Levi Johnston's Fifteen Minutes

Sarah Palin is a great example of how arbitrary celebrity is--she was an obscure governor until the whim of a dotty presidential candidate turned her into a megastar, who now dominates our airwaves like Billy Mays never did. And if the fact that she is a celebrity is a noodle-scratcher, how do we justify that Levi Johnston, a sidebar in the Palin sideshow, is some kind of star?

Palin's fame was based on John McCain's choice, but Johnston had to have that, plus one other thing: knocking up Palin's daughter. Without one of these, Johnston would be continuing his uneventful life as an inarticulate laborer in Wasilla, Alaska. But because both one-in-a-million shots happened he's parlayed them into something of a career, going on talk shows and now posing for nude photos in Playgirl (sorry ladies, word is we don't see the full monty).

I find all of this amusing.
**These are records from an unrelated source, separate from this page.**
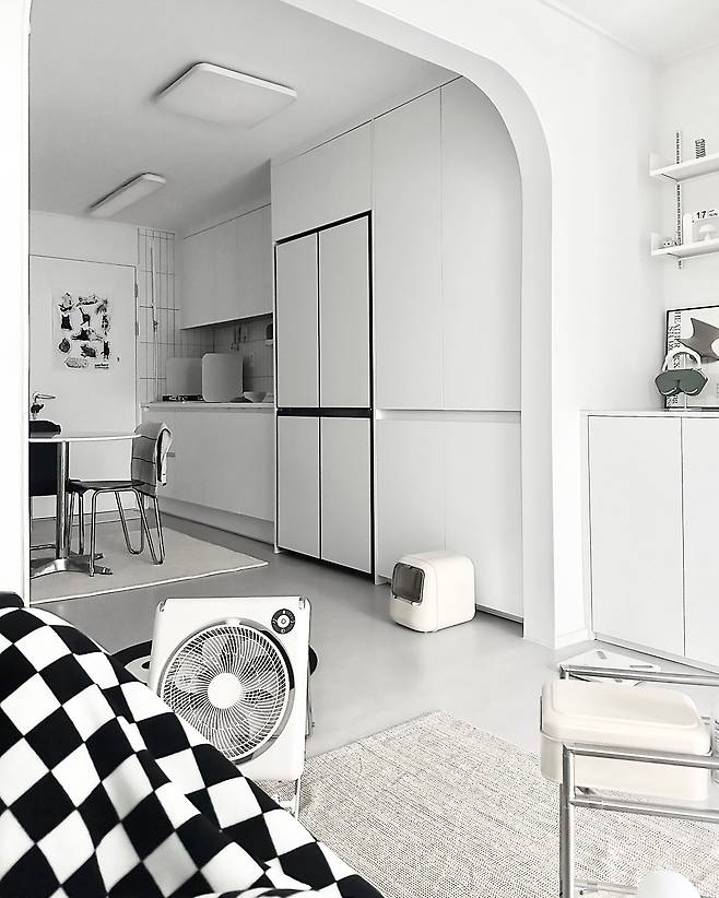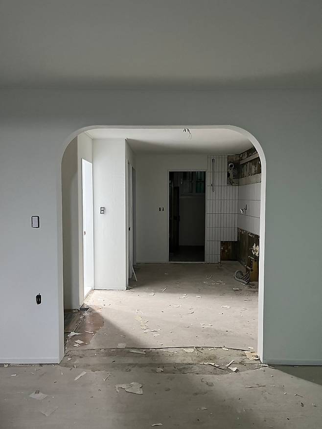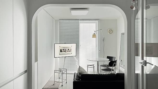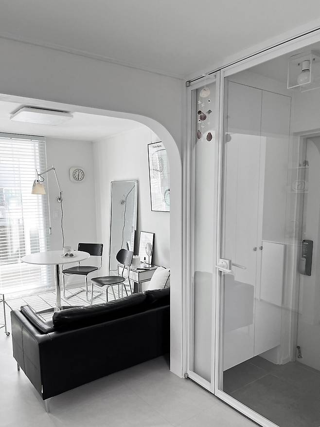 거실에서 가장 만족스러운 시공 포인트는 주방과 거실 사이의 문을 없애고, 목공으로 아치 문을 만든 거예요. 덕분에 평범할 수 있었던 거실과 주방에 포인트가 생겼거든요. 주방에서 거실을 바라볼 때, 거실에서 주방을 바라볼 때 모든 공간이 깔끔한 액자에 담겨 있는 듯한 느낌이에요. 지금도 가장 만족하는 시공 중 하나입니다.
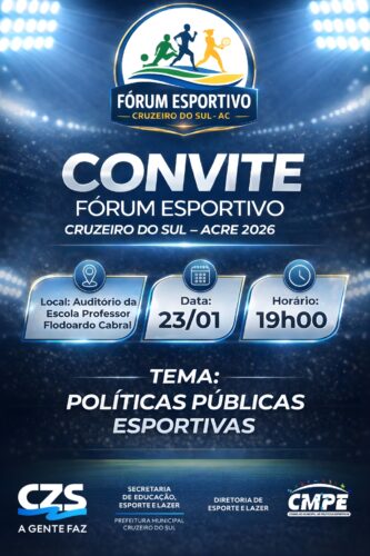 O Conselho Municipal de Políticas Esportivas de Cruzeiro do Sul está convidando conselheiros, representantes de modalidades esportivas, dirigentes, atletas e demais agentes do esporte para participarem do Fórum Esportivo, um encontro voltado ao compartilhamento de ideias e ao fortalecimento do esporte no município. O evento terá como tema central as Políticas Públicas Esportivas.
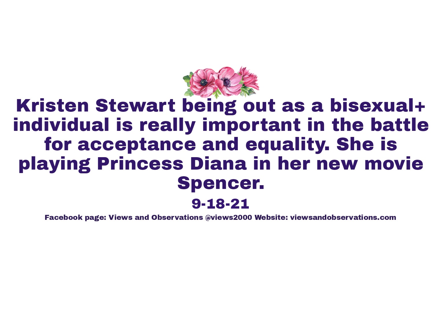 There’s been quite a bit of buzz about bisexual+ actress Kristen Stewart’s new movie Spencer in which she plays Princess Diana. From the photos I’ve seen, it looks like Stewart really got into the part as she attempted to recreate the tragic and beloved Royal. It also sounds like numerous critics are giving her very positive reviews with some even speculating on a potential Oscar nomination. At least one reviewer felt like Stewart really captured how Diana didn’t fit in well with the traditional rather stoic, stiff upper lip Royals. Since I haven’t seen the film yet, it’s obviously difficult for me to say if I agree with them, but I could definitely see Kristen Stewart potentially nailing this role.
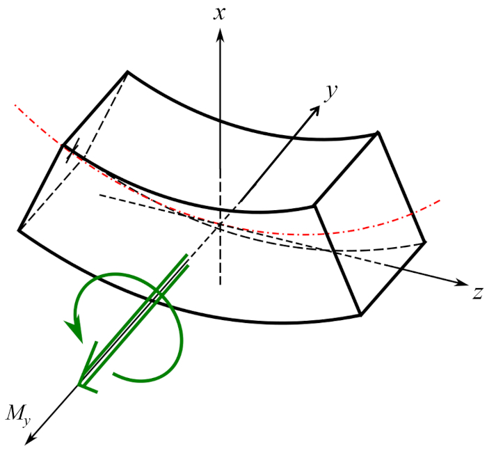 | $ M_y = - E I_b \displaystyle\frac{d^2 u_z }{d x ^2}$ |
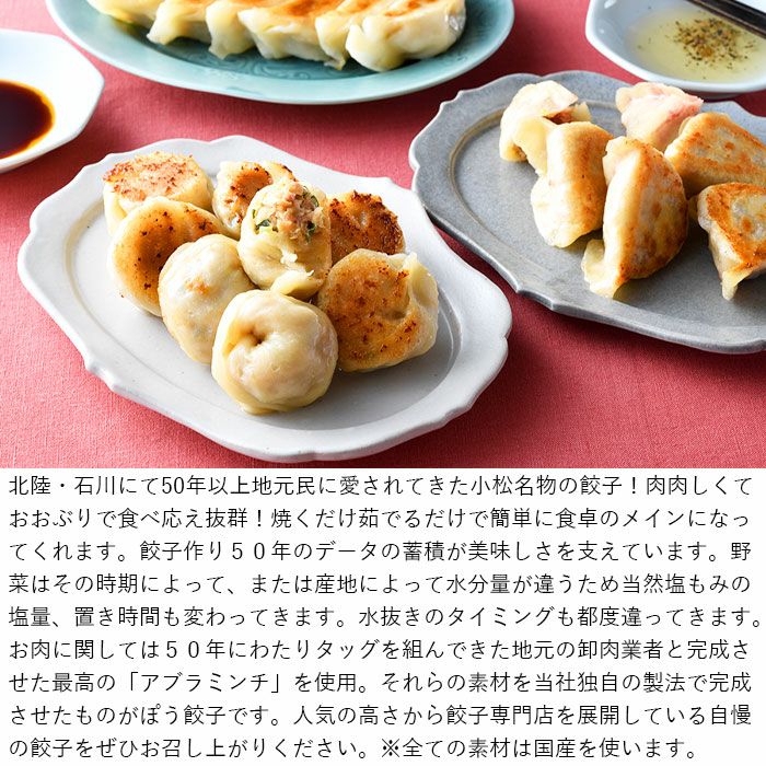 他の画像を見る 石川県で地元民に愛されてきた小松餃子 小松名物ぽうの大きな餃子人気詰め合わせセット(プレーン・生姜・梅) 販売価格 ¥ 4,880 税込 石川県で地元民に愛されてきた小松餃子 詳細を見る お気に入りに登録する

For the odious Palin, I relish that this young man, who was brought on stage at the Republican National Convention in a public shotgun wedding, has turned on her, and makes vague threats about information he knows. Of course it's all a bit unseemly--if he knows something, he should tell it, and stop being coy, but this is small potatoes compared to what Republicans do all the time. I just find it funny that this woman, who certainly has images of the White House dancing in her head, is bedeviled by the hockey-playing stiff whom she can't shake. He is the father of her grandchild. Holiday meals will be a trial from now on for the Palin family.

When and if Palin's star dims (I would imagine it will right around the time she bottoms out in the Iowa caucus, if not before), so too will Johnston's. I hope he's saving his money, or really does have something juicy to say, enough to put in a book that will get pawed over by the punditry. Eventually he will probably be back in Alaska, after finding that Hollywood can be tougher even than Sarah Palin.